The Sadistic ‘Game’ of Knockout

by Alec Torres

There have been a growing number of reports over the past few weeks about a senseless “game” known as “Knockout.” The object is to punch an innocent, random person as hard as possible in the head and knock him unconscious in a single blow. The game does not have a pretty history:

So far, six fatalities resulting from Knockout have been documented. The first was of an MIT student in 1992, according to an Associated Press report. Yngve Raustein of Norway was approached by a group of teens who asked him what language he was speaking. They then proceeded to sucker-punch him in the face and rob him and his friend. Raustein immediately fell to the ground. When he tried to get up, the assailants stabbed him in the heart. Cambridge police at the time said that these attacks might be perpetrated by just a few kids.

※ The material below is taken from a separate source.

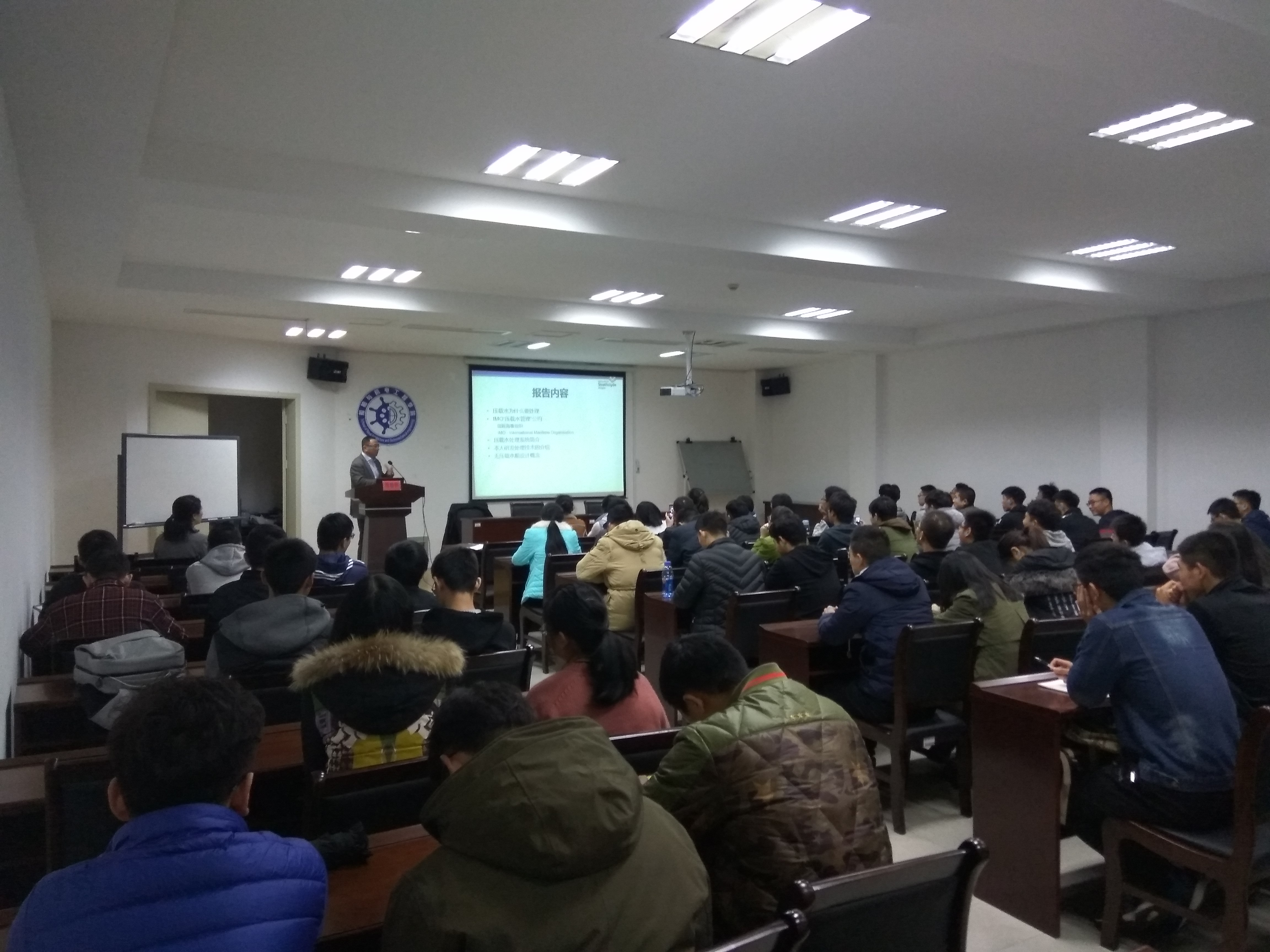 11月30日下午,蓝色大讲堂之船舶压载水处理法规和技术在工科楼119举行。船舶与机电工程学院邀请到英国思克莱德大学周培林教授主讲,讲座由国际交流合作处钟伟良副处长主持。

The game was around before 1992, according to a St. Louis man named Askia who spoke with reporters in 2011. He described a similar game, “One-Hitter Quitter” (a name still used today), from the ’80s, when he was growing up. “We’d be out in the club or something and pick a random person and drop him to see if we could knock him out,” Askia said.

Former players have said that they did it for fun. Others speculate that the game is an attempt to demonstrate manhood and earn respect from peers.

While few have successfully defended themselves against these cowardly surprise attacks, one man from Lansing, Michigan, shot his would-be assailant after being attacked last February. Marvell Weaver, 17 years old, circled around his near-victim in a van twice before jumping out of the car to tase him in a “game” of “Point ‘Em Out, Knock ‘Em Out.” However, Weaver’s Taser malfunctioned and the man being attacked, thinking he was being prodded with a knife or a gun, pulled out his concealed-carry .40 caliber pistol and shot Weaver twice in the leg and an inch away from his spine.

While Weaver survived being shot, he has been sentenced to one year in prison. He now regrets his decision. “It was just a lesson learned. I wish I hadn’t played the game at all,” Weaver said.